The data: Begin

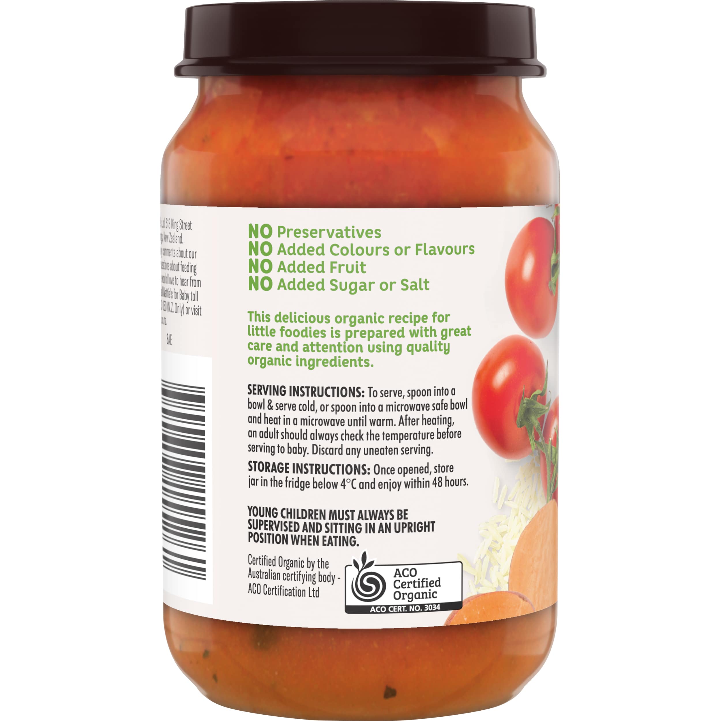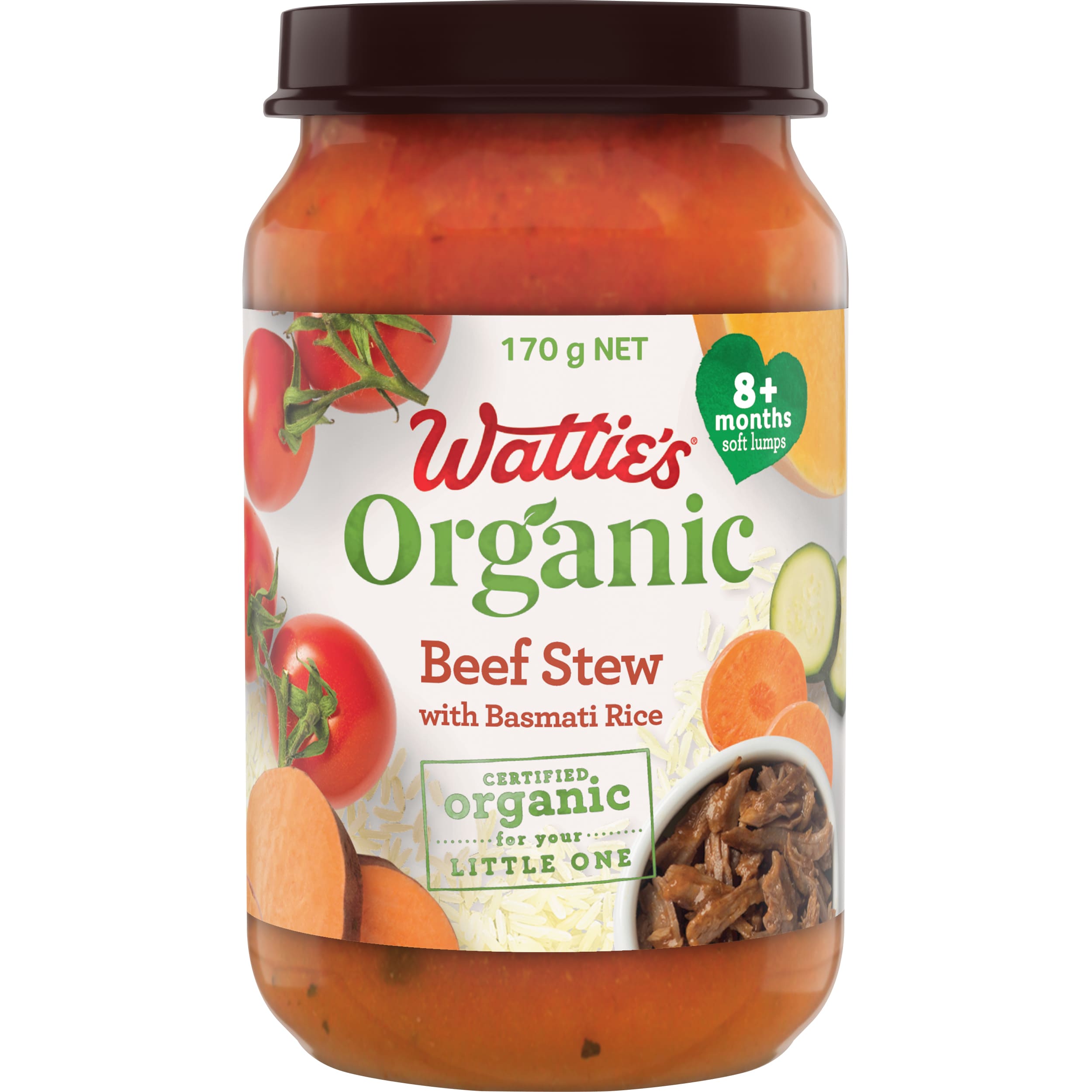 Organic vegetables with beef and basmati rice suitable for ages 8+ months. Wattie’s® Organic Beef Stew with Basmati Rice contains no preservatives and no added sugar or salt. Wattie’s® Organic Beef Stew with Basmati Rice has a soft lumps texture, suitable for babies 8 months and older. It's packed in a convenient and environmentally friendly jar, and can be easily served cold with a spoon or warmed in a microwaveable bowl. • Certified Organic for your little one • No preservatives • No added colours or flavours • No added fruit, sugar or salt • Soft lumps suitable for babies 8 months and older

The data: End
The data: Begin

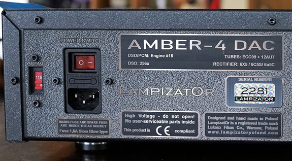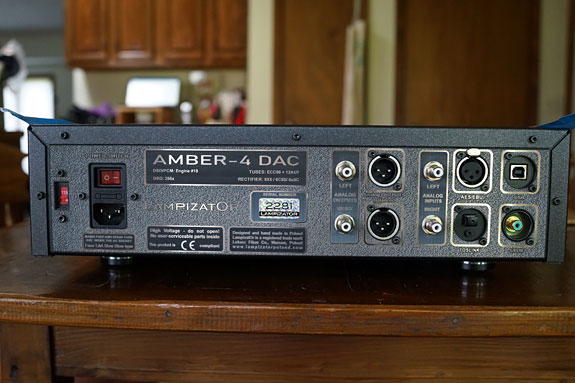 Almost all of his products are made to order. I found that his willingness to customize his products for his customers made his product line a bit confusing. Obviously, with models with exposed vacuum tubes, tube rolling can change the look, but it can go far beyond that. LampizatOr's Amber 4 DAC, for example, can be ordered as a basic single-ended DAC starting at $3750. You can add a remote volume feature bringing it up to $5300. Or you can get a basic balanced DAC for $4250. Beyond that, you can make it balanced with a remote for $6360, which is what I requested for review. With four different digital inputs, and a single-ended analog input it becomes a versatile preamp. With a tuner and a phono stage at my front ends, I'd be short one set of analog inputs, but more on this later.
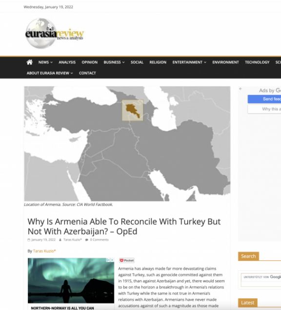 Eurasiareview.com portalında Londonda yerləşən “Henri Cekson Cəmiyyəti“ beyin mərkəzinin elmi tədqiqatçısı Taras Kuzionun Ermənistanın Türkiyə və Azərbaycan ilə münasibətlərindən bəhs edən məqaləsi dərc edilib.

The data: End

**Aim of the exercise:** Word for word, write out the lines above running from the one with "Almost all of" up to and including the one with "Eurasiareview.com portalında Londonda". Drop any picture.

**Response for this exercise:**
 Almost all of his products are made to order. I found that his willingness to customize his products for his customers made his product line a bit confusing. Obviously, with models with exposed vacuum tubes, tube rolling can change the look, but it can go far beyond that. LampizatOr's Amber 4 DAC, for example, can be ordered as a basic single-ended DAC starting at $3750. You can add a remote volume feature bringing it up to $5300. Or you can get a basic balanced DAC for $4250. Beyond that, you can make it balanced with a remote for $6360, which is what I requested for review. With four different digital inputs, and a single-ended analog input it becomes a versatile preamp. With a tuner and a phono stage at my front ends, I'd be short one set of analog inputs, but more on this later.
 Eurasiareview.com portalında Londonda yerləşən “Henri Cekson Cəmiyyəti“ beyin mərkəzinin elmi tədqiqatçısı Taras Kuzionun Ermənistanın Türkiyə və Azərbaycan ilə münasibətlərindən bəhs edən məqaləsi dərc edilib.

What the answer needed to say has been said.